After learning about a given model, you can change the model according to your needs. For example, you can add or remove a layer in the model, or modify an existing layer.  

**Task 1:** In the following cell, your task is to extend `model` with a ReLU activation layer at the end. That is, you should construct a new network `model2`, which has the same parameters as `model`, but also has a ReLU layer at the end. 

In [None]:
from torch import nn
from evaluation import check_relu_layer
from copy import deepcopy

model2 = deepcopy(model)

#######
# Your code here. Extend model2 by adding a ReLU layer at the end

#######

# Test whether your implementation is correct
check_relu_layer(model, model2)

### Step 4: Checking model parameters
As you may have seen in the lectures, a layer in a neural network (e.g. a Linear layer) can have learnable parameters. These learnable parameters for a model can be accessed using the `parameters()` function of a neural network module. 

For instance, we can view the number of parameters in the `lin1` layer as follows

In [None]:
# Get all the parameters
params_list = list(model.lin1.parameters())

print(f'Lin1 layer has {len(params_list)} parameter blocks')
print(f'The shape of the first paramter block is {params_list[0].shape}')
print(f'The shape of the second paramter block is {params_list[1].shape}')

**Questions:** What do these two parameter blocks correspond to? Can you figure out why the shape of the first block is `(100, 10)`, while that of second is only `(100, )`?

Additionally, you can get all the parameters in the `ToyNet` by calling the `parameters()` function on the top level module.

In [None]:
all_params = list(model.parameters())
print(f'ToyNet has {len(all_params)} parameter blocks')

You can iterate through these parameter blocks in the 'pythonic' way as follows

In [None]:
for param in model.parameters():
    print(f'Shape of parameter block is {param.shape}')

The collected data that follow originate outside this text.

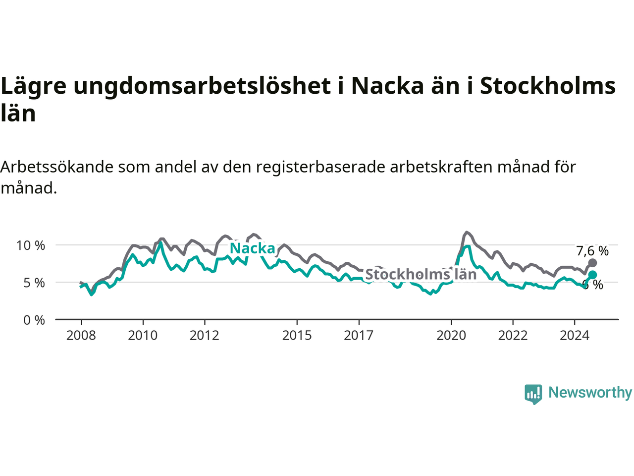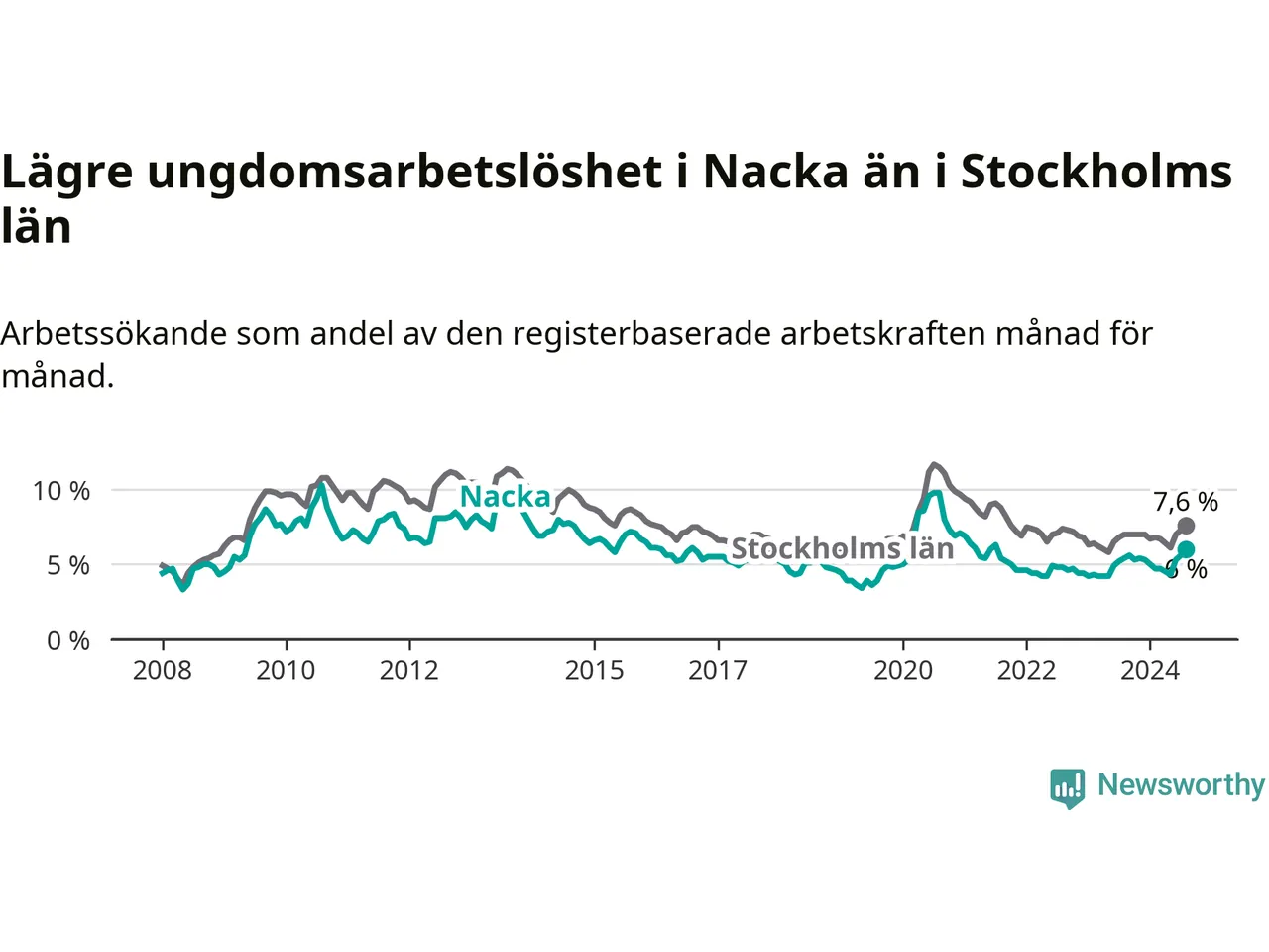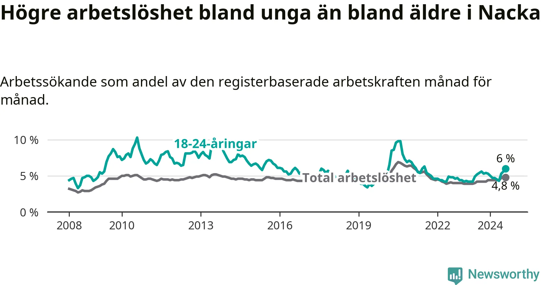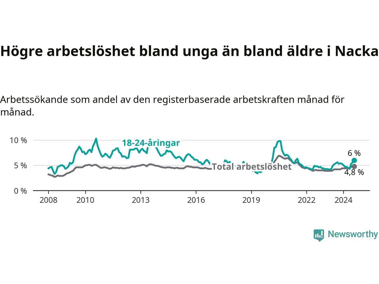I och med den senaste månadens uppgång har de ungas arbetslöshet i Nacka stigit 14 månader i följd (upp från 4,9 procent i juni 2023 till 6,0 procent nu). Den nuvarande arbetslöshetsnivån är den högsta sedan juli 2021.
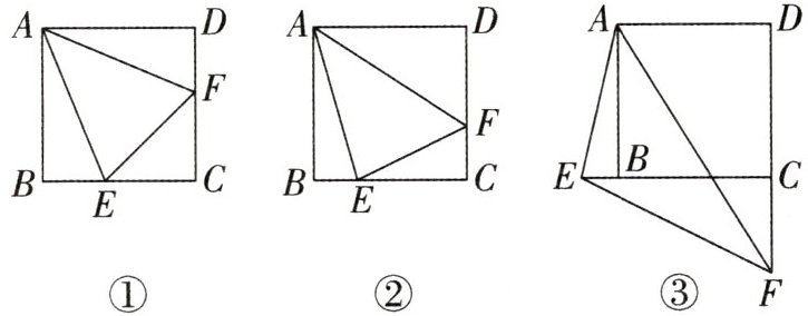 (2) 将 $\triangle ADF$ 绕着点 $A$ 按顺时针方向旋转 $90^{\circ}$,得 $\triangle ABF'$,如图②,则 $\angle ABF' = \angle D$,$AF = AF'$,$\angle BAF' = \angle DAF$。$\because$ 四边形 $ABCD$ 是正方形,$\therefore \angle D = \angle ABC = 90^{\circ}$,$\therefore \angle ABF' = 90^{\circ}$,$\therefore \angle F'BC = 180^{\circ}$,$\therefore$ 点 $F'$,$B$,$E$ 在一条直线上。$\because \angle EAF = 45^{\circ}$,$\therefore \angle DAF + \angle BAE = 45^{\circ} = \angle F'AB + \angle BAE = \angle F'AE = \angle EAF$。又 $\because AE = AE$,$\therefore \triangle AF'E \cong \triangle AFE(SAS)$,$\therefore EF = EF'$,$\therefore EF = F'E = BE + DF$。
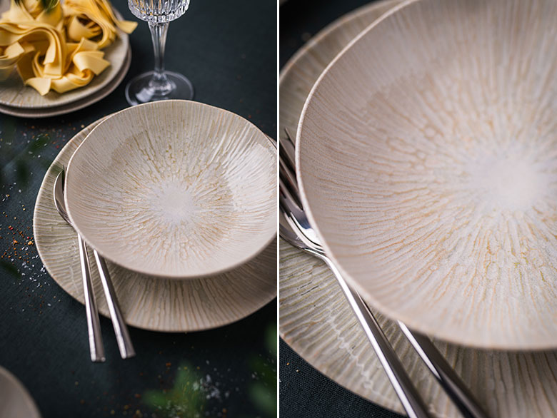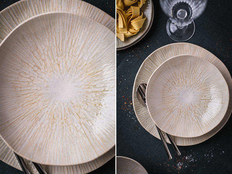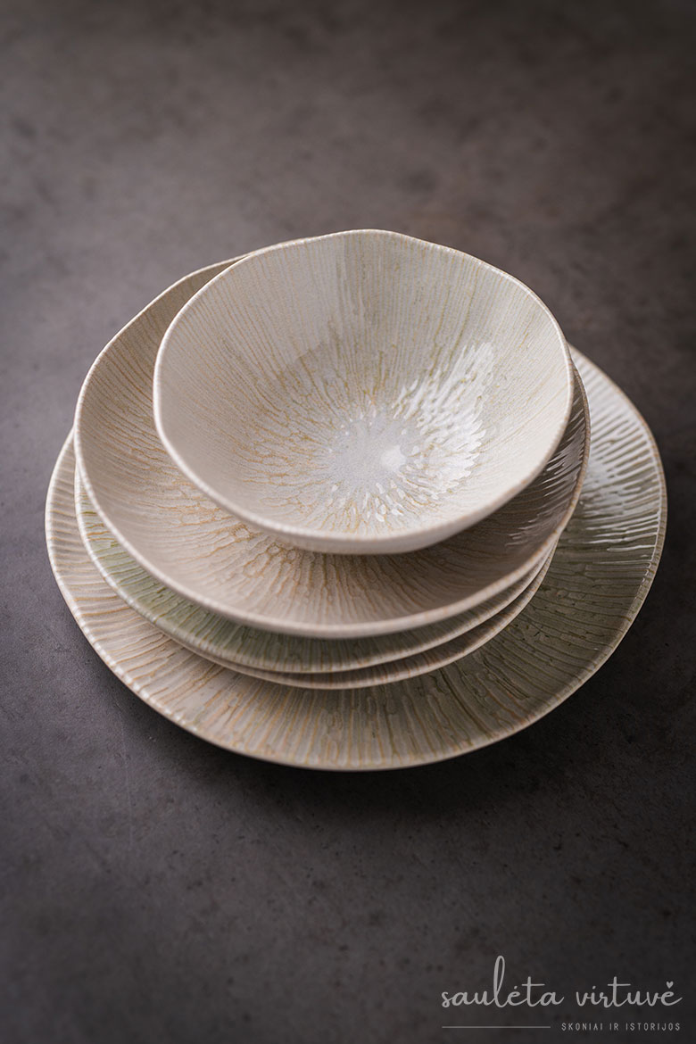 Ši kolekcija – „Anya“ akmens masės lėkštės ir dubenėliai – yra unikali savo forma. Indai maloniai sunkūs, nelygios tekstūros, padengti žvilgia glazūra. Žalsvos, rusvos ir gelsvos spalvos susilieja į dailų raštą – ramų ir švelnų akims, gamtišką. Jaukiems namams ir dar jaukesniems patiekalams.
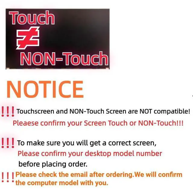 Question 2: WHAT SCREEN PART I NEED CORRECTLY? When only the touch screen (Digitizer) is broken, you should still see what is happening on the screen, and the screen display should still function as normal. When only the LCD is broken, you can still use the touchscreen, but the panel will have dark blobs or spiderweb-looking cracks (or both). When both LCD and touch screen are damaged, you may still be able to use portions of the touchscreen, and some parts of the LCD may display the image, but you will incur obvious difficulties in using the device as normal. If you are uncertain whether our item is suitable for your laptop, please contact us. Tell us your screen model number and send us some screen photos with screen number, we will help you find a 100% suitable screen replacement.

In addition to the `shape` attribute, a parameter block has many more interesting properties. In particular, one crucial attribute related to the training of the network parameters is the `requires_grad` flag, which tells `PyTorch` whether it should compute gradients for this parameter block. You may be aware that neural networks are trained using the backpropagation algorithm, in which we iteratively update each of the network parameters using the computed gradients. 

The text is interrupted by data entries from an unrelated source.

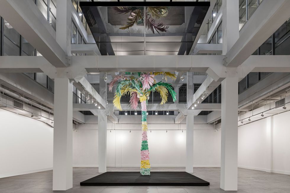 Designer Thom Browne will unveil his first large-scale public artwork on Thursday, December 5th, at The Moore Building during Art Basel Miami Beach. Palm Tree I (2019)—a twenty-one-foot tall palm tree constructed from yellow, green, and pink seersucker, pincord, and gingham oxford—is situated between a black mirror and sandpit, and operates as cheerful pop art as well as a meditation on ideas of work and play sublimated in notions of Americana.
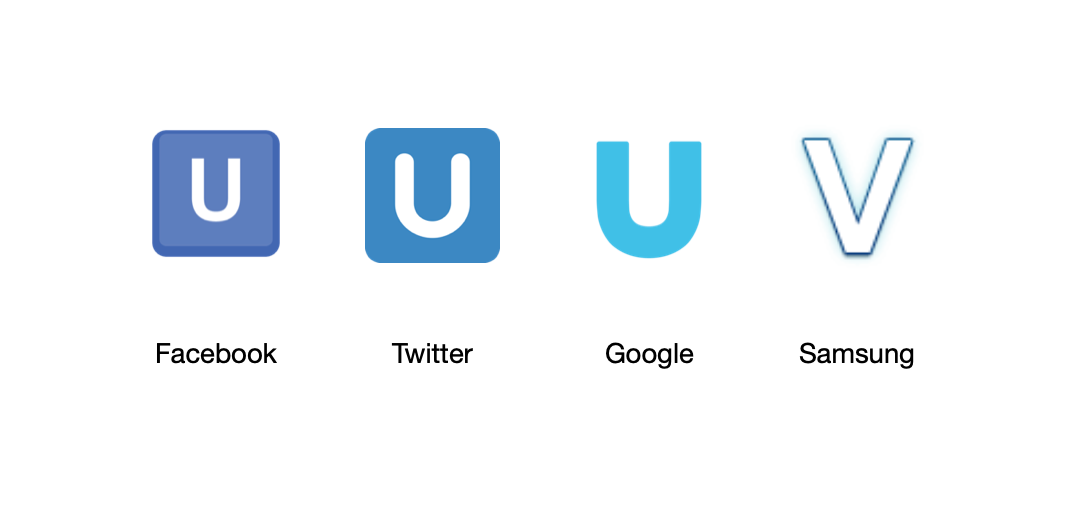 For the longest time, ๐บ Regional Indicator Symbol Letter U appeared on Samsung phones as the letter V. Likewise, ๐ป Regional Indicator Symbol Letter V appeared as the letter U on Samsung phones.
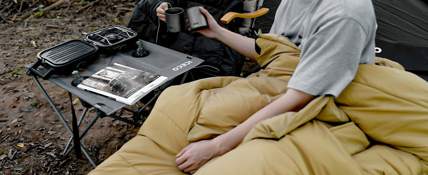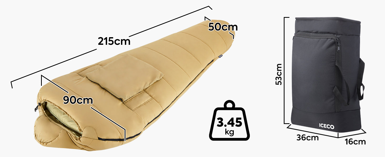 2000gシルクコットン充填と40Dナイロン生地、冬のニーズに最適!:ICECOの寝袋は超微細マイクロファイバー構造の人工シルクコットン2000gを採用し、湿気の多い環境でも、ダウンよりも優れた保温性能を持っています。100%アニマルフリー。羽毛が苦手な人にもぴったり。生地には40Dナイロンを採用しており、優れた耐摩耗性だけでなく、湿気や雪からの効果的な防御もあり、秋冬の使用に完璧に対応しています。さらに、直接洗濯機で丸洗いでき、寝袋の底部には2本のハンガーループが付属し、干すのも便利です。
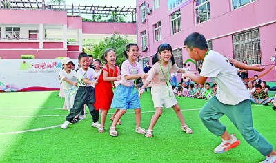 浙江仙居县第一小学内,一年级新生们正在玩老鹰捉小鸡游戏。王华斌摄/光明图片
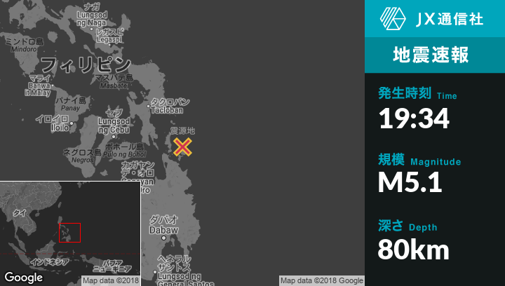 3月24日 19:34頃、フィリピンのSanta Monicaから北12kmの地点でM5.1の地震がありました。
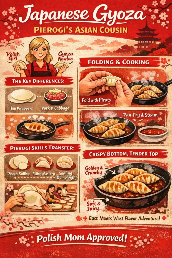 • Polish-Japanese fusion gyoza: Fill with potato-cheese pierogi filling. Pan-fry gyoza style. It sounds sacrilegious and tastes like two cultures high-fiving. I’ve served this at dinner parties and the conversation it starts is worth the effort alone.

We can check whether our parameter blocks require gradients or not as follows.

In [None]:
for i, param in enumerate(model.parameters()):
    print(f'Parameter block {i} requires_grad is: {param.requires_grad}')

As we can see, by default, all parameter blocks in a network require gradients. That is, all the parameters in the neural network are updated when training the network. However, you can control this property by manually setting the `requires_grad` flag to `False`, to 'freeze' a particular layer during training. This will allow you to keep certain parameters in a network fixed, while learning the other paramters.

**Question:** When would you desire such a property? Can you think of a case where you want to keep certain network parameters fixed, i.e. not learn them?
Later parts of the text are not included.